> [WHAT YOU NEED TO DO]
Return the lines of the material below exactly, beginning with the line that has "Jordan Retro 13 Grey Toe Size 4Y$130Lutz, FL" in it and finishing with the line that has "26,5 см, посадка" in it. Leave all pictures aside.

BEGIN INFORMATION SUPPLIED

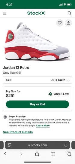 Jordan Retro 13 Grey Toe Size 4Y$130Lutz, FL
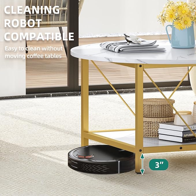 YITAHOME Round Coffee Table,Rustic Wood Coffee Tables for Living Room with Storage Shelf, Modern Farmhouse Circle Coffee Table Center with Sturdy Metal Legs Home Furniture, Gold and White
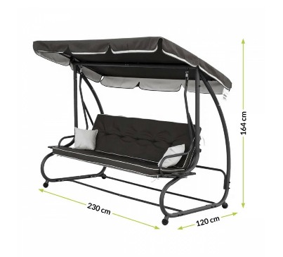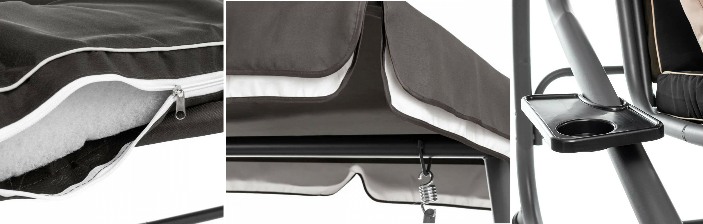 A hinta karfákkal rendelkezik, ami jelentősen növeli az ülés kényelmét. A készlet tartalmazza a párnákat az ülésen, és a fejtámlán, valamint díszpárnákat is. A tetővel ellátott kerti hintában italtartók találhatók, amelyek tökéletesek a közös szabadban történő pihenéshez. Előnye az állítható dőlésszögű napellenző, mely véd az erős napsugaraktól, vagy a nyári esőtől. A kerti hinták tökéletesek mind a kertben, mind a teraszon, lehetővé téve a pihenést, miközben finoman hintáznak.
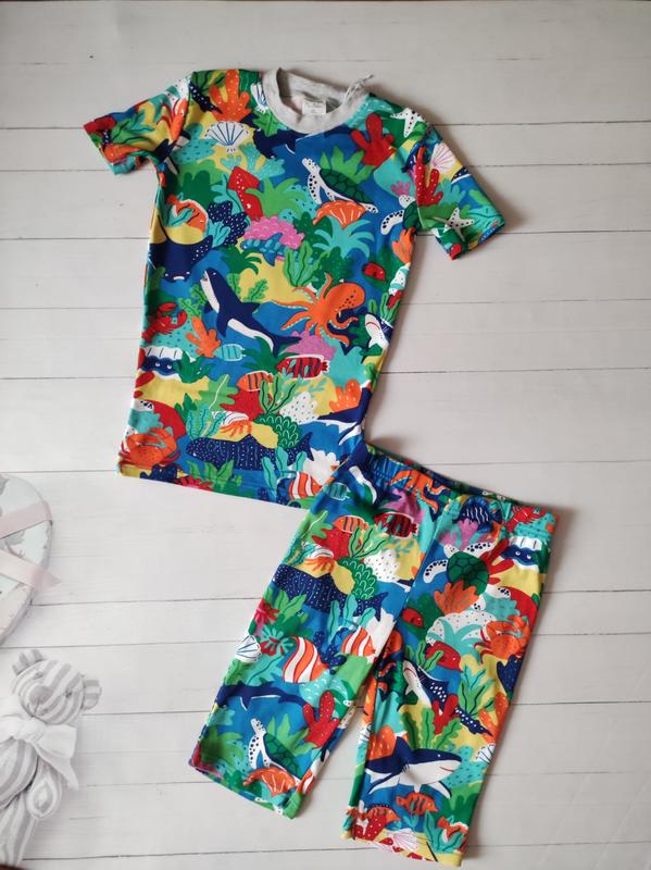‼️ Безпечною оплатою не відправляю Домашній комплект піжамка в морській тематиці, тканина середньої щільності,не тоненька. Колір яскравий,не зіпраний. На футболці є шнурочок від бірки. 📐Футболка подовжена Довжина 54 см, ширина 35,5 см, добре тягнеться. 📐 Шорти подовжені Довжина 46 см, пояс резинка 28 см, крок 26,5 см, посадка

END INFORMATION SUPPLIED
BEGIN INFORMATION SUPPLIED

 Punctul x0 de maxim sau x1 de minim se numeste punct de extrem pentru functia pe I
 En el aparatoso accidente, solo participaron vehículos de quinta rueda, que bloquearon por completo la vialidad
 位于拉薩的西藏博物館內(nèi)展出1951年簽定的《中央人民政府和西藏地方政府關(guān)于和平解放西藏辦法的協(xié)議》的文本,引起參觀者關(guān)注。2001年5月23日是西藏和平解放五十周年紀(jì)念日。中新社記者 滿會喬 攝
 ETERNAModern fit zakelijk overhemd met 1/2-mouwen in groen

END INFORMATION SUPPLIED

> [SOLUTION BELOW]
 Jordan Retro 13 Grey Toe Size 4Y$130Lutz, FL
 YITAHOME Round Coffee Table,Rustic Wood Coffee Tables for Living Room with Storage Shelf, Modern Farmhouse Circle Coffee Table Center with Sturdy Metal Legs Home Furniture, Gold and White
 A hinta karfákkal rendelkezik, ami jelentősen növeli az ülés kényelmét. A készlet tartalmazza a párnákat az ülésen, és a fejtámlán, valamint díszpárnákat is. A tetővel ellátott kerti hintában italtartók találhatók, amelyek tökéletesek a közös szabadban történő pihenéshez. Előnye az állítható dőlésszögű napellenző, mely véd az erős napsugaraktól, vagy a nyári esőtől. A kerti hinták tökéletesek mind a kertben, mind a teraszon, lehetővé téve a pihenést, miközben finoman hintáznak.
‼️ Безпечною оплатою не відправляю Домашній комплект піжамка в морській тематиці, тканина середньої щільності,не тоненька. Колір яскравий,не зіпраний. На футболці є шнурочок від бірки. 📐Футболка подовжена Довжина 54 см, ширина 35,5 см, добре тягнеться. 📐 Шорти подовжені Довжина 46 см, пояс резинка 28 см, крок 26,5 см, посадка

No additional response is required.